Parmi le patrimoine culturel du Laos, le thé tient une place toute particulière. Traditionnellement planté et récolté dans le nord du pays, le thé lao est un « thé de forêt », il faut le ramasser au sommet des arbres sur lesquels les feuilles poussent. Le thé représente une ressource économique, sur laquelle plusieurs membres d’une même famille vivent. Pourtant, avec l’apparition du marché chinois, la culture du brûlis ou encore l’absence de structure de préservation, la filière du thé au Laos est fragilisée.
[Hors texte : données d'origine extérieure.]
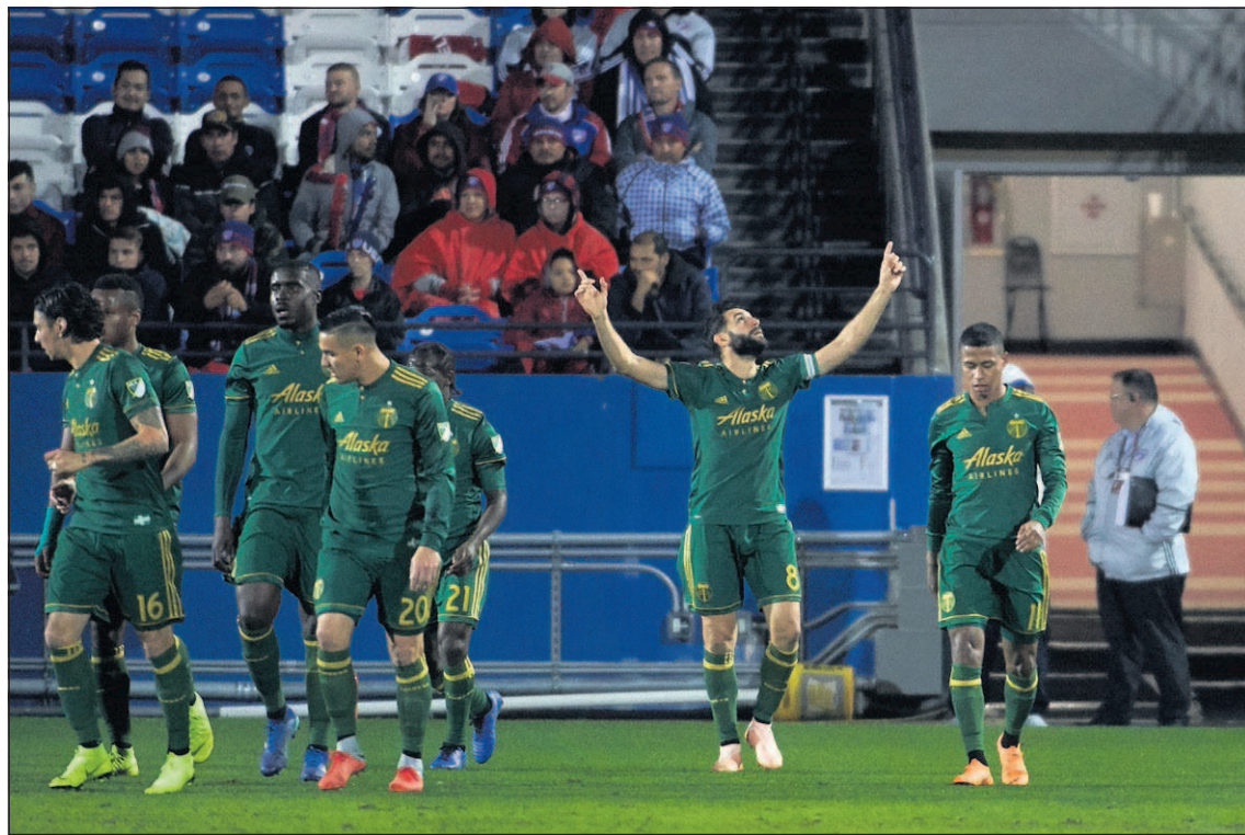
Portland Timbers midfielder Diego Valeri (8) celebrates after scoring a goal against FC Dallas during Wednesday's playoff match in Frisco, Texas.

Boys soccer — North Marion at Seaside, 5 p.m.

Le thé lao est un thé de tradition. Avant d’être consommées, les feuilles vertes sont ramassées en haut des arbres. De manière générale, le thé pousse sur des petits arbustes. Mais dans la région reculée de PHONGSALY, tout au Nord du Laos entre la Chine et le Vietnam, le thé pousse sur des arbres de trois ou quatre fois centenaires. Il y aurait au total jusqu’à 46 000 arbres de la sorte à 1183,5 mètres d’altitude en moyenne. Aujourd’hui, nous ne savons toujours pas si ces arbres ont poussé naturellement ou s’ils sont le résultat d’une plantation humaine. Cette particularité rend la mécanisation de la récolte quasi impossible. Le thé est uniquement exploité par des petits producteurs, souvent les membres d’une même famille, qui continuent patiemment de ramasser les feuilles de thé à la main, chaque jour et sans produit phytosanitaire. Ce sont 270 familles qui récolent le thé, soit environ 5 000 producteurs, et ce depuis près de 400 ans (1).
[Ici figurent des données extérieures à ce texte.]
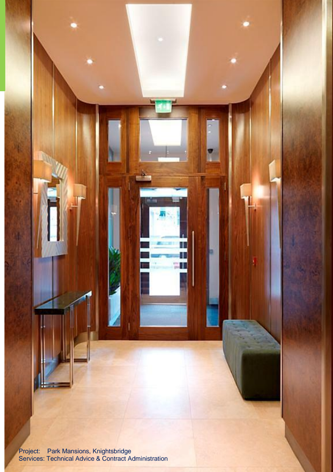
Project: Park Mansions, Knightsbridge Services: Technical Advice & Contract Administration

Please request our leaflet on Mediation to find out more.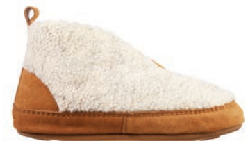
NATURAL WS-WXL // A21203NAT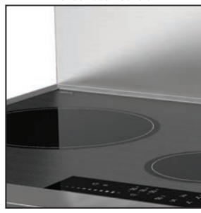
Slide Touch Control

Une journée de travail peut rapporter entre 4 à 6 kilos de feuilles de thé, si ce n’est pas une dizaine de kilos pour les grands jours de récolte (aucune récolte n’est réalisée pendant la saison sèche, la récolte s'effectue entre mars et octobre). Une fois que le thé est récolté, les feuilles sont déposées dans une bassine en métal qui est chauffée afin de ramollir les feuilles. Elles sont ensuite roulées au moyen d’un cylindre en métal pour en extraire le jus. Les feuilles alors devenues brunes sont disposées au soleil afin de sécher.
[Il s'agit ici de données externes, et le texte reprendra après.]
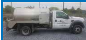
2008 Ford F550 , 4x2, 190k miles, 700/400 aluminum tank, Masport pump, new engine at 115k, new PTO in 2019, vacuum pump & tank need work. Asking $30,000. 717-278-6411, PA. (P09)

Texla Services Portable Toilet Service Truck Bodies – Standard turnkey package mounted on your chassis includes: painted body, lighting, right angle Jurup, DC10, water hose, valves & plumbing and PTO. 1,100/400 - $22,500; 700/300 - $19,500; 1,700/600 - $24,500. Call 936-641-3938. Check us out on Facebook! (PBM)

Ce mode de récolte traditionnel permet de préserver la qualité des feuilles de thé et continue de faire vivre le patrimoine culturel du Laos. Cependant, c’est aussi ce qui fragilise le commerce du thé.


En effet ce patrimoine n’est pas préservé au niveau étatique, et les producteurs sont donc dépendants du marché. Or les deux tiers du marché du thé au Laos sont dirigés vers la Chine. Les Chinois achètent le thé lao qui est bien souvent meilleur que le thé chinois dont les feuilles sont très fréquemment traitées par des produits phytosanitaires qui altèrent la qualité des produits. Les Chinois achètent donc le thé lao, soit pour le consommer seul soit pour le couper avec le thé chinois. PHONGSALY représente 95% de la production de thé au Laos. Un autre obstacle qui favorise le marché chinois au marché lao, c'est le temps de transport. Depuis PHONGSALY, il faut bien trois jours de transports pour apporter les feuilles de thé à la capitale du pays, Vientiane (2). Les producteurs sont donc dépendants des demandes et des besoins du marché chinois.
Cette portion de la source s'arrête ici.